# 2006 kawasaki prairie 700 limp mode?



## BelievingThomas316 (Jan 8, 2014)

My friend dropped off his bike to me and thought his carbs needed cleaned. I took the carbs apart, cleaned them, and put it back together. Bike still don't run right. Cranks fine and idols fine but when you give it gas, around half throttle it starts choking and popping. I read on the forums and they talk about limp mode when the switch is flipped inside the engine brake housing. As it turns out my friend has unplugged the engine brake and the two wire plug and tied the two wires together. The belt light is not on but the 2wd and 4wd light flashes? Is there a way to bypass the limp mode to make sure that it's in limp mode and not another problem?

Sent from my HTC6500LVW using Tapatalk


----------



## chopermech (Dec 3, 2012)

That will prohibit the belt from tripping the light and limp mode again, but you will have to reset it by using the white and grey plugs due to it having been previously tripped. Procedure is in the manual.

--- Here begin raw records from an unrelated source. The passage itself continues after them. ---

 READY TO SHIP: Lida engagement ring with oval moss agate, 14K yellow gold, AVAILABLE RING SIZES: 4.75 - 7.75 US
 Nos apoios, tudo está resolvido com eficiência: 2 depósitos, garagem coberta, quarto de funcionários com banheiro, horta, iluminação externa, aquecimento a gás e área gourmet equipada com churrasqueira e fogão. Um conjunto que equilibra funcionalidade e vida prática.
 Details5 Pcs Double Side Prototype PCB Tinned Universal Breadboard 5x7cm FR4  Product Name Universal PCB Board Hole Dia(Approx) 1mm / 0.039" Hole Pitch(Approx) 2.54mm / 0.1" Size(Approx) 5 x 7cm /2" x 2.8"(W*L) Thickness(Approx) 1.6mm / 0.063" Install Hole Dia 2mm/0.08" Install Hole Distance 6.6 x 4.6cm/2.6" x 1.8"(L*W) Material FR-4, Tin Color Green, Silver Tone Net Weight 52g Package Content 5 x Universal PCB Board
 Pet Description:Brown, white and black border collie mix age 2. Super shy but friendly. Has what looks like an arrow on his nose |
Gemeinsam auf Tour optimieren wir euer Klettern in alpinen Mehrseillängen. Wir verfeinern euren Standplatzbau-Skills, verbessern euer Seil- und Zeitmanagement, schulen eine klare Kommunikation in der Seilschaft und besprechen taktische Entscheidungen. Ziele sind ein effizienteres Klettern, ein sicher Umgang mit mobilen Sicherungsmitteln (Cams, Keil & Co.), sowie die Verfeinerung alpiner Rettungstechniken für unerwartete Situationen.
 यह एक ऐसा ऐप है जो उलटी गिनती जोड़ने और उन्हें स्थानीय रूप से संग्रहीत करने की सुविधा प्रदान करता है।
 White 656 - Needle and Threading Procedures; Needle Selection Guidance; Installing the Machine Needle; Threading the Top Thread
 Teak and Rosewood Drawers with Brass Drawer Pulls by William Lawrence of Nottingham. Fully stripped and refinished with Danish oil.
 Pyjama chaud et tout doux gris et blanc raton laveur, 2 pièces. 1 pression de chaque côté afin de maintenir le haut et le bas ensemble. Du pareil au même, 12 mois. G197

Sent from my iPhone using Tapatalk


----------



## BelievingThomas316 (Jan 8, 2014)

Even though the belt light isn't on, I done the rest anyway and it still acts as though in limp mode. Runs and idols fine. Half throttle starts cutting out. Any suggestions?

Sent from my HTC6500LVW using Tapatalk


----------



## BelievingThomas316 (Jan 8, 2014)

Anyone got any suggestions?

Sent from my HTC6500LVW using Tapatalk


----------



## chopermech (Dec 3, 2012)

The only thing i can think of, is make sure the belt switch plug is jumped (closed circuit) and make sure you have done the reset procedure correctly. 


Sent from my iPhone using Tapatalk


----------



## dman66 (Feb 20, 2011)

Check the chokes to insure they are not on. The chokes can get caught up inside the carbs,the cable can stick,or even the way the choke cables are routed can cause enough tension to turn on the chokes slightly. If you crack open the air box a little,ride it,does it get better ?


----------



## BelievingThomas316 (Jan 8, 2014)

I'll get back with both of you. I'll redo the reset procedure and then try the air box trick. 

Sent from my HTC6500LVW using Tapatalk


----------